Calibration results of the Pd/Cr and Cr/Pt TFTCs. The calculated thermopower is the average value of 9 different TFTCs. (a) Calibration results of 9 different Pd/Cr TFTCs. These TFTCs have varied stripe width of 2 μm, 20 μm, 50 μm, 100 μm, 200 μm, 500 μm, 1000 μm, and 2000 μm, and different stripe length of 80 mm and 100 mm. The calculated thermopower of Pd/Cr TFTCs is 20.99 ± 0.1 μV/K, with a standard deviation of 8.27%. (b) Calibration results of 9 different Cr/Pt TFTCs. These TFTCs have the same size with the Pd/Cr TFTCs.

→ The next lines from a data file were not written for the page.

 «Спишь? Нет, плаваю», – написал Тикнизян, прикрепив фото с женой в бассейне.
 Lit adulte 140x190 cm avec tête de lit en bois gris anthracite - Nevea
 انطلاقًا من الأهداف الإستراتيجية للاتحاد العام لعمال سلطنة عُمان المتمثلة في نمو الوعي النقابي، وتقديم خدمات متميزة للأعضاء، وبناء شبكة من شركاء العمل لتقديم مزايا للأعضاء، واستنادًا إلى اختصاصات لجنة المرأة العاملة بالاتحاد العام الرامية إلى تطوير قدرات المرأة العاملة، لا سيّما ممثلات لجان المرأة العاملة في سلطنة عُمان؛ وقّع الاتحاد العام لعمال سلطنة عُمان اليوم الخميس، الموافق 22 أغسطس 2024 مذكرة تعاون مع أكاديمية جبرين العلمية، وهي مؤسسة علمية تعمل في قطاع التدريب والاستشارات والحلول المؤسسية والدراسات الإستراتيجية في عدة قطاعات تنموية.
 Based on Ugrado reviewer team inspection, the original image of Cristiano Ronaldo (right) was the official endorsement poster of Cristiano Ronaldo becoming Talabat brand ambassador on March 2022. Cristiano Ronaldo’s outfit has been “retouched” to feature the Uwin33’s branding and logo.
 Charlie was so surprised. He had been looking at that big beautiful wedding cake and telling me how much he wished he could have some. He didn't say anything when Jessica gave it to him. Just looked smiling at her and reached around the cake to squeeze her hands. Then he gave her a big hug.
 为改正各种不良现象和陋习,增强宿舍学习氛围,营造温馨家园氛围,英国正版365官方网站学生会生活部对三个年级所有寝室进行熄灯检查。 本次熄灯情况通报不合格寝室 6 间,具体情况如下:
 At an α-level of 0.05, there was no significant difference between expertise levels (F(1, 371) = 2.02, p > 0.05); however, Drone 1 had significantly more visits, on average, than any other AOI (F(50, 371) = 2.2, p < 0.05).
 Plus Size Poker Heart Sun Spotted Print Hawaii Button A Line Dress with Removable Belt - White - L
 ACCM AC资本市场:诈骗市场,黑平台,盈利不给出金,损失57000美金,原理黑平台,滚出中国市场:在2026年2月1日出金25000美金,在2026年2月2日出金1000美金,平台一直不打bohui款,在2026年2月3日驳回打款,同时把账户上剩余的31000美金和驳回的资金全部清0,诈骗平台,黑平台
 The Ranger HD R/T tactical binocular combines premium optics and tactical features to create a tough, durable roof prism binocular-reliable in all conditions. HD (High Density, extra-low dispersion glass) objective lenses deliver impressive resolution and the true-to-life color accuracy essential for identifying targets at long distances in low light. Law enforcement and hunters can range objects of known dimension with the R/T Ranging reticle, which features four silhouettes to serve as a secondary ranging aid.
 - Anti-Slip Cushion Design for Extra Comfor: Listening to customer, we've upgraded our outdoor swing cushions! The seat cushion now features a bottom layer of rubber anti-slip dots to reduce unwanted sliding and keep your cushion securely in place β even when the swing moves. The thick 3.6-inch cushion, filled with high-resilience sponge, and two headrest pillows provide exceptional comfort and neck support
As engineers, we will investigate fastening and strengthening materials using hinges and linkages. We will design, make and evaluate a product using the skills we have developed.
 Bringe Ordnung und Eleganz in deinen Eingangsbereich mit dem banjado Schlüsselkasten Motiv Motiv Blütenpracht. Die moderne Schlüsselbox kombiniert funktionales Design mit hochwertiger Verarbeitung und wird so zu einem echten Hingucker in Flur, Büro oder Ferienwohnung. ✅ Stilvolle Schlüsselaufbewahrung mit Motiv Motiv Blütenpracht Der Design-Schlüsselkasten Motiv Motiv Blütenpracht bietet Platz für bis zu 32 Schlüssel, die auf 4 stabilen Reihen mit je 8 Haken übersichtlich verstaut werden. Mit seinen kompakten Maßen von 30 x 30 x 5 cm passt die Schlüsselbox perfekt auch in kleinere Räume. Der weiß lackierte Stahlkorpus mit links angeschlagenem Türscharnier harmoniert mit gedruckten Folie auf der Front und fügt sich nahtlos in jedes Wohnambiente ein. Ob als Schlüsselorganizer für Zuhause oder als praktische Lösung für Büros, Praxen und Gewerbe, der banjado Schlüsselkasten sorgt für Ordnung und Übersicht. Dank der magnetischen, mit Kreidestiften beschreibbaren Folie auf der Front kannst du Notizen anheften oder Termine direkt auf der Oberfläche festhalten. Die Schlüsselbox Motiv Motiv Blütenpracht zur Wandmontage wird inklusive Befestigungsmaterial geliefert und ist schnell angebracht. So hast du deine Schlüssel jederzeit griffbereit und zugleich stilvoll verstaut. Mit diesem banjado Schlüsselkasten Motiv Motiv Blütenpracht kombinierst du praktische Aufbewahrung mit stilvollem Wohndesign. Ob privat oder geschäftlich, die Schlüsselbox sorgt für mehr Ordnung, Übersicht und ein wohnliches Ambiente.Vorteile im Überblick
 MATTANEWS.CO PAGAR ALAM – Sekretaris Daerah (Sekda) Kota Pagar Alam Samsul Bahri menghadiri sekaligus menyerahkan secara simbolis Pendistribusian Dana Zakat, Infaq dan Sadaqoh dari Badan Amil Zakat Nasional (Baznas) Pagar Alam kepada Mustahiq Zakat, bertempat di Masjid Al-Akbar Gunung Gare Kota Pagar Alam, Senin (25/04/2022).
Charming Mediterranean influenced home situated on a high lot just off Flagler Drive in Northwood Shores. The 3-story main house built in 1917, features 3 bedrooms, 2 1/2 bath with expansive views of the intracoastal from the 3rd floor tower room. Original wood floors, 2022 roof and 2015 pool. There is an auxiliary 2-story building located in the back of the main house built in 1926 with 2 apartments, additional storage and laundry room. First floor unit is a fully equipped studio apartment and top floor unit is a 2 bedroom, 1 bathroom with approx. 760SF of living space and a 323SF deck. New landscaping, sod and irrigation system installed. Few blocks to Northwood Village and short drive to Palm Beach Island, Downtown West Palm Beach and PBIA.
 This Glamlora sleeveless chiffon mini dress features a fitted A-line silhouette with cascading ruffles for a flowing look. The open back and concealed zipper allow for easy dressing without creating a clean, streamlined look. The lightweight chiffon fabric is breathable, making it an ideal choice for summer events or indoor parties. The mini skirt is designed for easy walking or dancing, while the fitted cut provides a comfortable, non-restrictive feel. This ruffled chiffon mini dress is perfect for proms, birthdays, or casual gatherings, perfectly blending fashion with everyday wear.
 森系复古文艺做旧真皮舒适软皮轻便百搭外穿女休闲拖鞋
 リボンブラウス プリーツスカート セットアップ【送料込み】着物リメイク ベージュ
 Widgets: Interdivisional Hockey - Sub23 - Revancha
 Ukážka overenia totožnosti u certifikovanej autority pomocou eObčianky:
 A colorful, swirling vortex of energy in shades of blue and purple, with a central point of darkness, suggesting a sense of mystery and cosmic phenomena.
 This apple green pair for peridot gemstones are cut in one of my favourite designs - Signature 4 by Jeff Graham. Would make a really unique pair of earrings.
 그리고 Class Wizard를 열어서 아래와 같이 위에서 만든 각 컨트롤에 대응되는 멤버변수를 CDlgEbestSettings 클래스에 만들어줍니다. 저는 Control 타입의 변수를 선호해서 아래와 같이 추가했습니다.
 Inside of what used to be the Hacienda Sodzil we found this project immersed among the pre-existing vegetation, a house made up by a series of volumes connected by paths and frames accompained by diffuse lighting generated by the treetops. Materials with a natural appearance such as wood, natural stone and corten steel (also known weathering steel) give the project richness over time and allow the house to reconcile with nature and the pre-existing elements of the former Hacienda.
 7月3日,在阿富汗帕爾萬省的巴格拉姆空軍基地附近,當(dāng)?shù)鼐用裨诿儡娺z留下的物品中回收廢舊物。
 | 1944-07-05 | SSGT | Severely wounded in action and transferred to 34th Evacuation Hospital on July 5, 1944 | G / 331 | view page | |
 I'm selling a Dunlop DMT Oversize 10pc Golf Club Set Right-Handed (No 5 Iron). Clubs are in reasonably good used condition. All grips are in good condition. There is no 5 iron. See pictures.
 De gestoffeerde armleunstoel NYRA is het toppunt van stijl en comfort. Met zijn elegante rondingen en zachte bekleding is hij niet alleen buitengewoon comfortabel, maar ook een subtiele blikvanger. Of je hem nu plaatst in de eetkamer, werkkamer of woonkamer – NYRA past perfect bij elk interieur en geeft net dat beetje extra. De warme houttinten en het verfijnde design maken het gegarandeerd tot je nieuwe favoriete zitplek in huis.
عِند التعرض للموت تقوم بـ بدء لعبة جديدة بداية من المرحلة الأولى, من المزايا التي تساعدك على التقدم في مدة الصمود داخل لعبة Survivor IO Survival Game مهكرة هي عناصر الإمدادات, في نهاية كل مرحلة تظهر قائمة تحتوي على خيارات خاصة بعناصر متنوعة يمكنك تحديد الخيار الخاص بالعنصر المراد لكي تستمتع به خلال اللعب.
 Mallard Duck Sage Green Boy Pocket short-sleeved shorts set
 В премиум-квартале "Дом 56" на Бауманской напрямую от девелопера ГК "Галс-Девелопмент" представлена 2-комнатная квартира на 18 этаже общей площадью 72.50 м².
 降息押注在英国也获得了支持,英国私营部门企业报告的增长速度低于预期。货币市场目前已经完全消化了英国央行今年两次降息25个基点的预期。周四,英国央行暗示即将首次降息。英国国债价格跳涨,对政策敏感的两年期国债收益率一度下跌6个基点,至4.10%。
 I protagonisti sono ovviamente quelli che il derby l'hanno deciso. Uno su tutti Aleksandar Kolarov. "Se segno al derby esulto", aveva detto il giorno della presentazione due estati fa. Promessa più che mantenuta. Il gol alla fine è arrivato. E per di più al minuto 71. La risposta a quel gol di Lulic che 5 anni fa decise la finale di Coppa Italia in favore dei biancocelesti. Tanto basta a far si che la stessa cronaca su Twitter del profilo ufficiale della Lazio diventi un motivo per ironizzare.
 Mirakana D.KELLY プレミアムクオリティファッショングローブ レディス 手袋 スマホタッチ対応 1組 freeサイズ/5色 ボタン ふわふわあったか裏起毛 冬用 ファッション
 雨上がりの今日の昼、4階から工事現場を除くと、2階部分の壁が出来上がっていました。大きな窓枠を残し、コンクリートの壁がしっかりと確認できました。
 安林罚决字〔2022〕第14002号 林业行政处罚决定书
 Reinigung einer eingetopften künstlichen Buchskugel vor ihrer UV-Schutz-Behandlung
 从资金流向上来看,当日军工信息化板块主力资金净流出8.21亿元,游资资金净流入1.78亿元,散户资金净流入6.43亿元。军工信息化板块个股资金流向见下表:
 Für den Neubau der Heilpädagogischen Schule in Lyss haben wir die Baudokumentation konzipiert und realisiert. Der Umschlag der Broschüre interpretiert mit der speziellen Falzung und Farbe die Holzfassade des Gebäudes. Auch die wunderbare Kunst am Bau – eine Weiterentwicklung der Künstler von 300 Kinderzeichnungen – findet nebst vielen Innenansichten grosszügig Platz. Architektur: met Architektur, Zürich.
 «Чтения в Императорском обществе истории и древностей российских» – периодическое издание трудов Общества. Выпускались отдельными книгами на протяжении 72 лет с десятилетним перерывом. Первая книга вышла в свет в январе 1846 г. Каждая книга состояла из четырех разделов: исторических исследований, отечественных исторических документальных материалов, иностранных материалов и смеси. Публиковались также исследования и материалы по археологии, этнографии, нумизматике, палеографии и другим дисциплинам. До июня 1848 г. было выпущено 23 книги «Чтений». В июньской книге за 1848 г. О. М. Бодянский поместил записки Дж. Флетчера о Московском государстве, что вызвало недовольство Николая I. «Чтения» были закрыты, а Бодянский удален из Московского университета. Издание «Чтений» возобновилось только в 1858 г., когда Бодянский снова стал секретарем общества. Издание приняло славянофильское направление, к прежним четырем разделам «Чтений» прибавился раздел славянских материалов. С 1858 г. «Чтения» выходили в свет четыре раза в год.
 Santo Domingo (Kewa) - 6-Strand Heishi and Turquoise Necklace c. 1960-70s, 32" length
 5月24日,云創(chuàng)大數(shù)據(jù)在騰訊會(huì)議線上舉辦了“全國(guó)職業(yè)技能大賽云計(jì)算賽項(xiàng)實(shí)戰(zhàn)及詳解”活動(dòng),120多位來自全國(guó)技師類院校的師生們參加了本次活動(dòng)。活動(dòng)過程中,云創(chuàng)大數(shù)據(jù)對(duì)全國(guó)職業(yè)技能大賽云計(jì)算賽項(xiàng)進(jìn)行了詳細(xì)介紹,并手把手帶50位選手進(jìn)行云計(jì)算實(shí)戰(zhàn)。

The calculated thermopower of Pd/Cr TFTCs is 17.59 ± 0.3 μV/K, with a standard deviation of 1.12%.

Figure 4

Schematic of the structures of measurement system and the measurement of local cellular temperature. (a) In normal practice, the testing device is put into the incubator at 37 °C and the other measurement instruments are put on the outside of the incubator at 25 °C. (b) The testing device and the other measurement instruments are put into the incubator at 37 °C, leaving the computer and monitor outside of the incubator at 25 °C. (c) A big constant-temperature tent kept at 32 °C is put on the outside of the incubator. Testing device and measurement instruments are put inside the incubator. The CO₂ gas tank, computer and monitor are put on the outside of the tent. (d) A live cell firmly sticks to the micro-TFTC sensor. (e) A non-uniform temperature distribution in the cell (15–25 μm in diameter).

Figure 5

Thermal fluctuations of 8 Pd/Cr micro-TFTCs under different conditions. (a) Thermal fluctuations of 8 Pd/Cr micro-TFTCs (A6, B7, C4, D4, E4, F4, G5 and H2 located in different Testing Zones of different regions) tested in an ordinary laboratory kept at 25 °C, which were exposed to the air. (b) Thermal fluctuations of the same TFTCs tested in the double-stabilized constant-temperature system kept at 32 °C, which were covered by culture medium.

Figure 6

Microscopic images of cultured HepG2 cells. The top panel and bottom panel are photographs taken before and after test, respectively. (a–d) The relative positions of adherent HepG2 cells and labelled micro-TFTCs E10, F6, F9 and G7. The live cells show typical irregular shape and light contrast, and the apoptotic cells show round shape and dark contrast.

Figure 7

Typical cases of increments of local temperature in Testing Zones recorded with 4 Pd/Cr micro-TFTCs at 32 °C. (a–d) Measurement data of different Testing Zones taken from Pd/Cr micro-TFTC sensors of E10, F6, F9 and G7, respectively. For the data plotted here, background temperature has been deducted. The grey symbols and lines represent the original data, and the thick lines present the average values of each set of data. Recorded increments of local temperature in Testing Zones are within 60 mK.

Figure 8

Maximum increment of local temperature in Testing Zone recorded with Cr/Pt micro-TFTCs at 37 °C. (a) Output data of 8 Cr/Pt micro-TFTCs (C2, C3, C4, C5, C7, D5, D6 and D7) located in the same region. Except sensor C5 which is rising above, all the other 7 sensors behave according to the same synchronized trend. (b) Absolute increment of the output data for sensor C5 from the background temperature. The recorded absolute increment is 285 mK.